Шрифт:
Интервал:
Закладка:
— Кто посрамит?
— Те, кто способен тебя посрамить, а в меня вселить добрый дух надежды и гордости.
— Я вижу, ты что-то задумал…
— Да. Задумал. Я задумал кое-кого так разогреть, чтобы навсегда перестал бояться мороза. Что такое чукча-охотник — теперь знают даже там, за дальними горами! Я слышал, какие хорошие слова говорили в Москве о нас, когда мне давали Звезду. Это знак не только для меня, но и для всех нас…
— Для всех? Тогда и мне дай поносить…
— За что? За то, что капканы твои забиты снегом?
— Другим дай.
— Кто захочет достойный… пусть берет.
— Э, ты знаешь, никто, кроме меня, не попросит. Постесняются. А вот я надел бы. Медаль, правда, у меня есть, помнишь, еще в войну получил. За хорошую охоту. Как я тогда радовался, что мне воздали почет! Надо бы почистить медаль, чтобы не хуже твоей Звезды блестела. Почищу и нацеплю, чтобы все видели, что я не хуже тебя.
— Лучше иди и почисти свои капканы.
— В кино не успею…
— Уходи из моего дома! Ты мне надоел болтовней. Сколько бы я лишних песцов за всю жизнь поймал, если бы не слушал твою болтовню. Уходи! Мне мало остается пребывать в этом мире. Я должен еще кое-что успеть…

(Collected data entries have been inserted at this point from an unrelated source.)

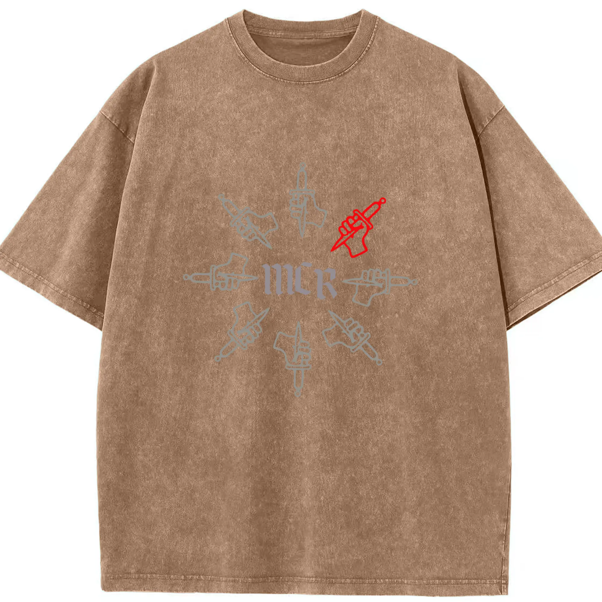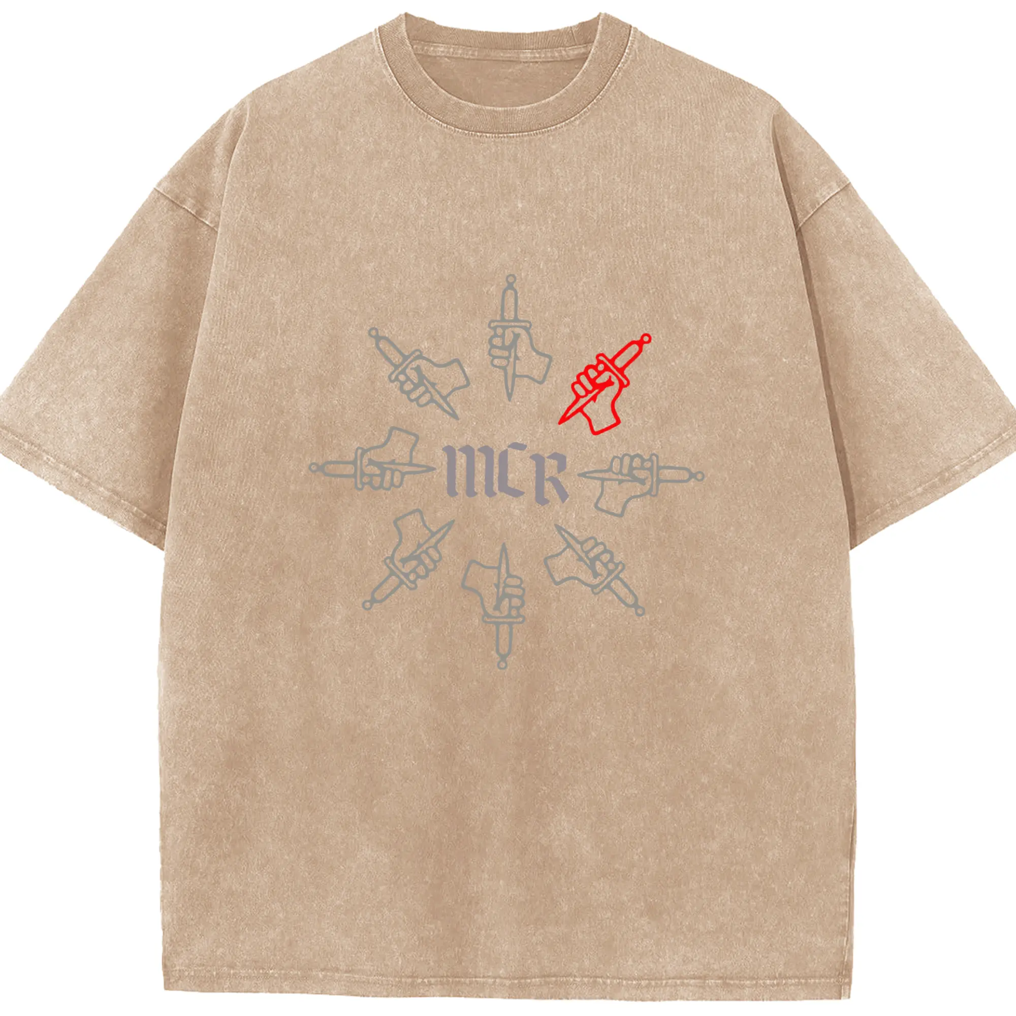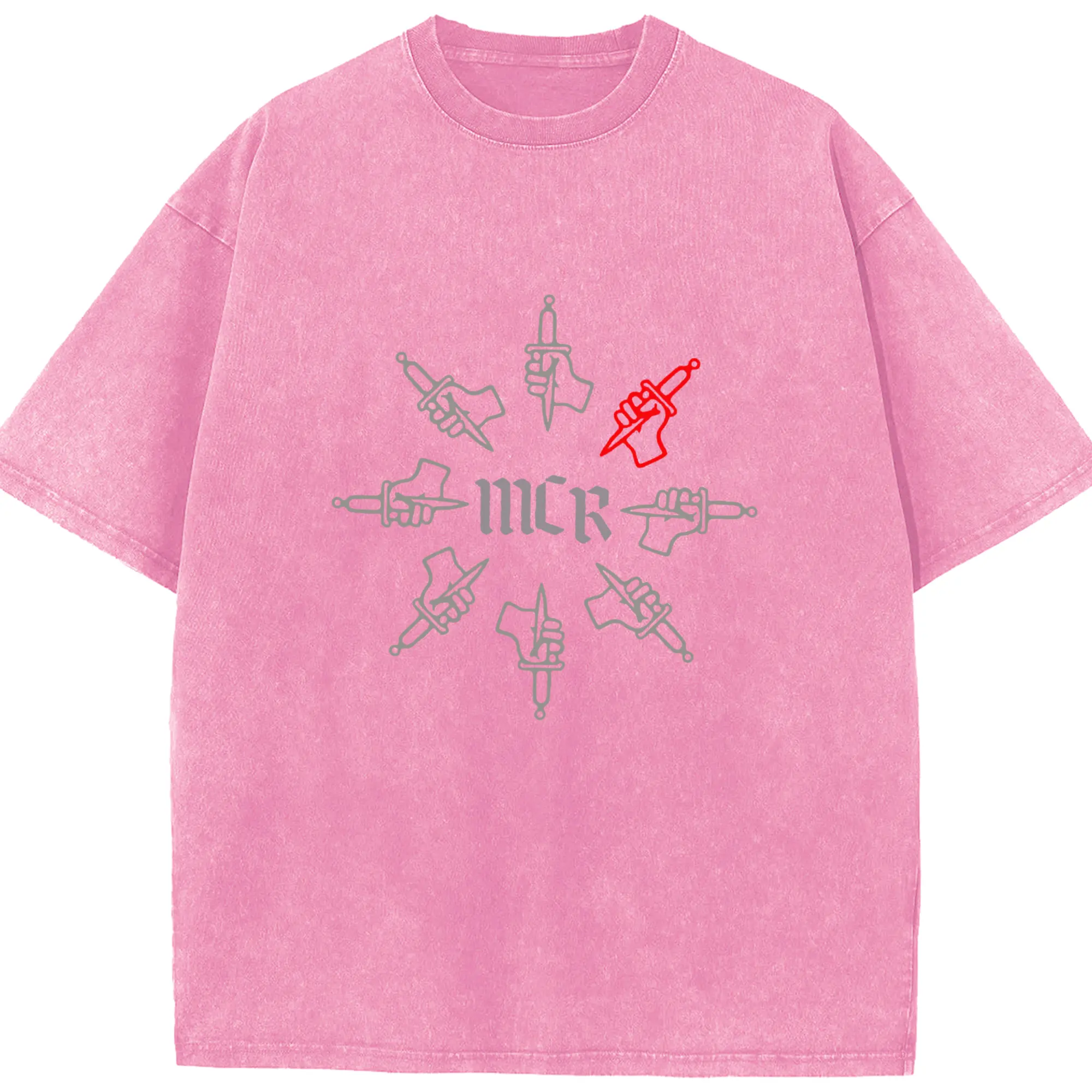 My Chemical Romance Emo Rock Dagger Logo DIY - Washed Vintage Look 230g Cotton Oversized T-Shirt With Front Heat Transfer Print – Soft, Lightweight, Stylish Fit – Comfortable Casual Wear For Sports & Everyday Use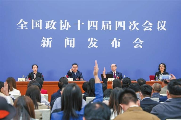 昨天下午,全國政協十四屆四次會議新聞發布會在北京人民大會堂舉行。 新華社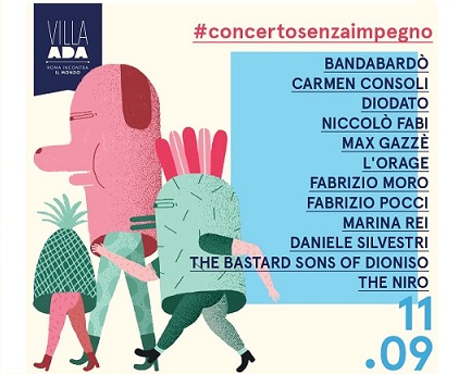 Domenica 11 settembre sul palco di Villa Ada Roma Incontra in Mondo (organizzato da Viteculture e Arci Roma), come ultimo appuntamento della stagione 2016, saliranno tutti insieme sul palco del laghetto più amato della capitale (a partire dalle 19.30) Carmen Consoli, Max Gazzè, Niccolò Fabi, Daniele Silvestri, Bandabardò, Fabrizio Moro, Marina Rei, The Niro, The Bastard Sons of Dioniso, L’Orage, Diodato per Concerto Senza Impegno: una vera e propria festa all’insegna della musica italiana d’autore degli ultimi 30 anni.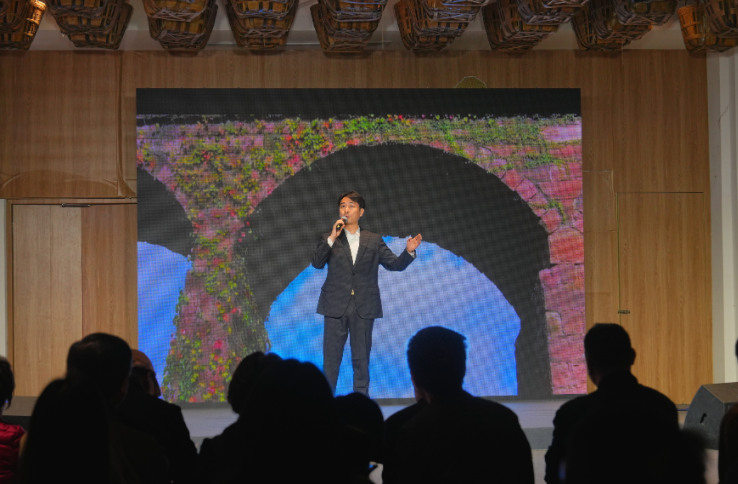 随着动线推进,“三千名流汇北碚”的历史记忆在诗语中苏醒。重庆大学美视电影学院教授黄晟朗诵的郭沫若《雷电颂》节选——“风!你咆哮吧!咆哮吧!”——以铿锵之声激荡秋空;《望北平》中老舍的家国情怀、《北碚,卢作孚纪念馆》中先辈的实干精神,引领观众与那段烽火岁月中的文人志士展开跨越时空的对话。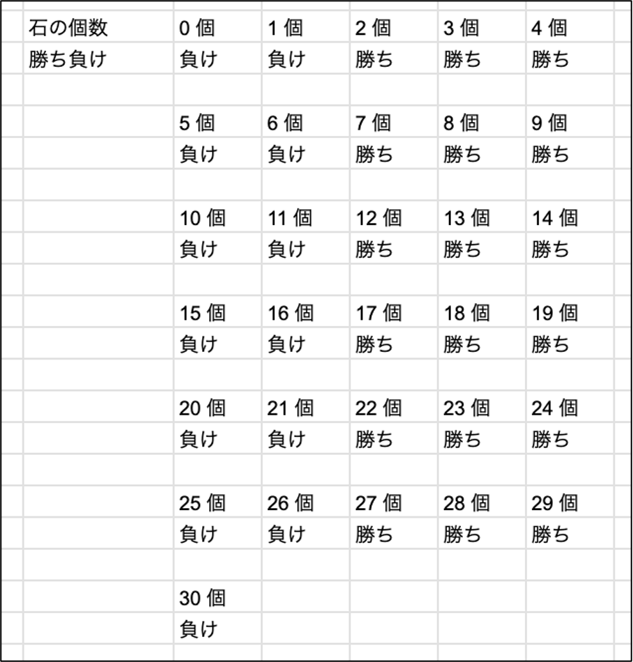 N = 0,1,2,3,4 の場合について、石の個数がN個の状態の勝ち負けを整理すると、下の表のようになります。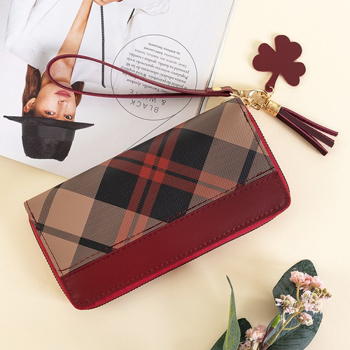 Großes bordeauxrot kariertes Damenportemonnaie - Portemonnaie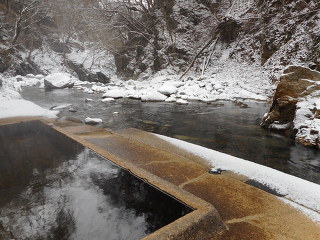 今日は 川岸露天風呂の周囲が きれいに湯化粧しています。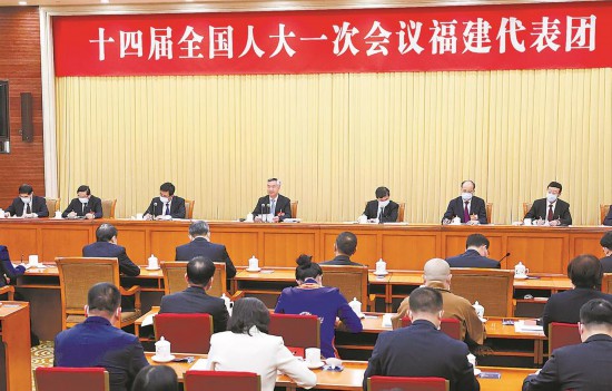 福建代表团团长、省委书记、省人大常委会主任周祖翼主持会议。福建代表团副团长、省委副书记、省长赵龙,于伟国、李钺锋、黄志贤等代表参加。
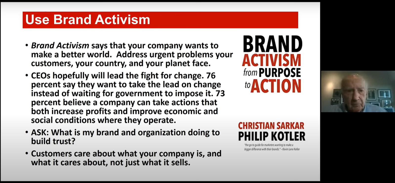 実際に、CEOの76%が政府を待たずに自ら変革を起こしたい、そして73%が企業は利益を上げて経済や社会を良くするアクションを起こせる、と回答したという。コトラー氏は、「ユニリーバしかり、利益と社会善は両立する」「企業はどうしたら信頼を勝ちえるか、より高次なパーパスとは何かを問わなければならない」と力を込め、消費者は企業が何を大切にしているかを見ている、と改めて強調した。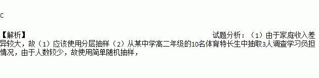 要完成下列两项调查:(1)某社区有100户高收入家庭,210户中等收入家庭,90户低收入家庭,从中抽取100户调查消费购买力的某项指标;(2)从某中学高二年级的10名体育特长生中抽取3人调查学习负担情况,应采取的抽样方法是( )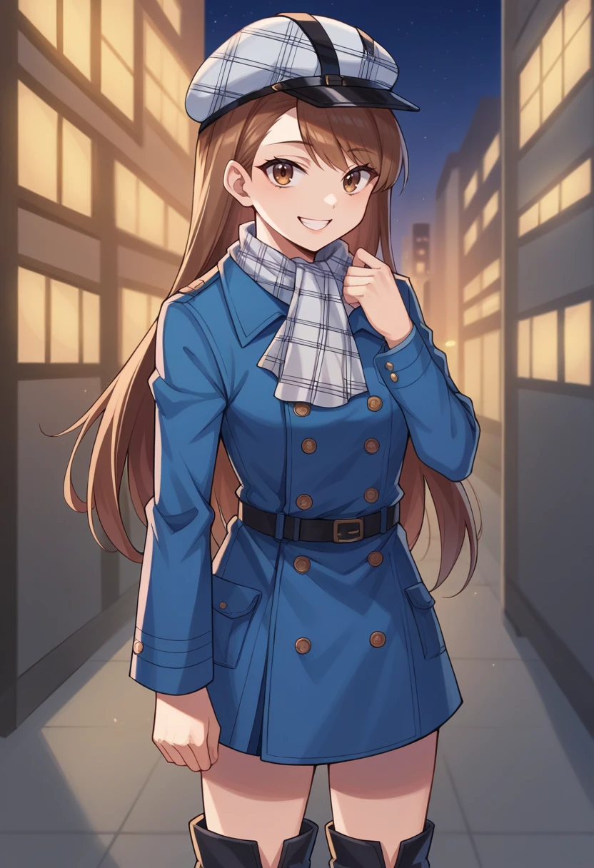 kumikods, brown hair, long hair, cabbie hat, plaid scarf, blue coat, knee boots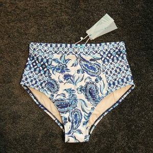 Blue, black and white pattern- high waisted swim bottoms. New with tag! Super cute pattern and great, well made fit. Just in time for spring/summer! I have 3 available, all are size S/P (small/petite)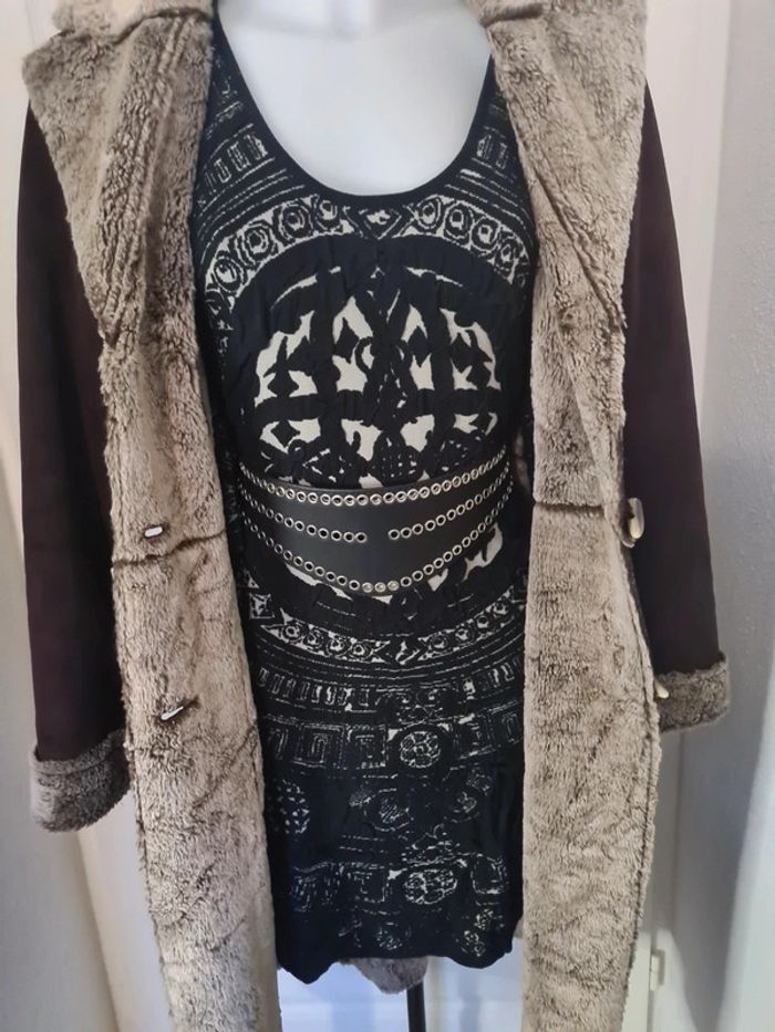 Manteau long effet peau lainée - photo numéro 2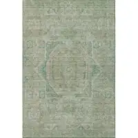 Teal And Ivory Vermicular Washable Area Rug With UV Protection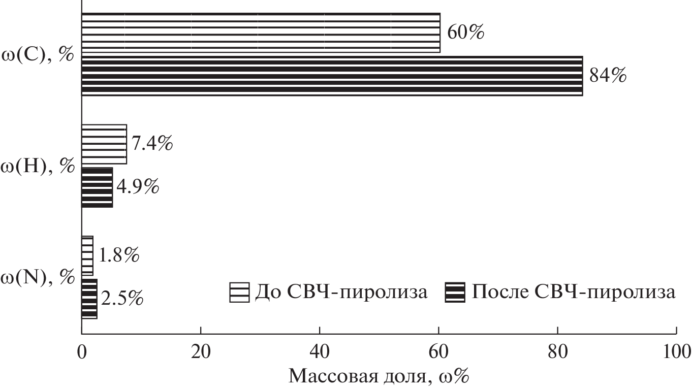 A facility for conducting experiments on the microwave (MW) pyrolysis of peat at a source operating frequency of 2.45 GHz has been developed. The MW pyrolysis of peat for the production of low-molecular-weight organic components has been experimentally studied. The products of peat MW radiationinduced decomposition were determined, and reaction schemes for the degradation of peat components were proposed. A carbonaceous residue with relative carbon, hydrogen, nitrogen, and sulfur contents of 83–85, 4–5, 2–3, and <0.3 wt %, respectively, was obtained.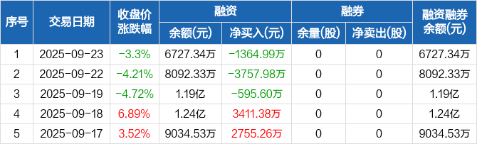 普蕊斯:连续3日融资净偿还累计5718.56万元(09-23)

— Что ж, я пойду. Я выведал главное — о чем ты написал письмо в Москву. Теперь весь Тынуп будет об этом говорить.
— Ты не знаешь, о чем я писал. Никогда не поймешь. Уходи!
Пойгин так разволновался, что уронил со стола чашку. Разбилась чашка. Ятчоль медленно натянул кухлянку, постоял у порога, насмешливо наблюдая, как Пойгин собирает черепки. Едва за ним закрылась дверь, Пойгин сам лихорадочно оделся и направился с грозным видом в правление колхоза. Тильмытиль встретил его изумленным взглядом:
— Что случилось? Почему у тебя такое лицо?
— Ты помнишь, как я однажды утащил тебя за руку прямо из школы в тундру? Помнишь, как учил снимать песца?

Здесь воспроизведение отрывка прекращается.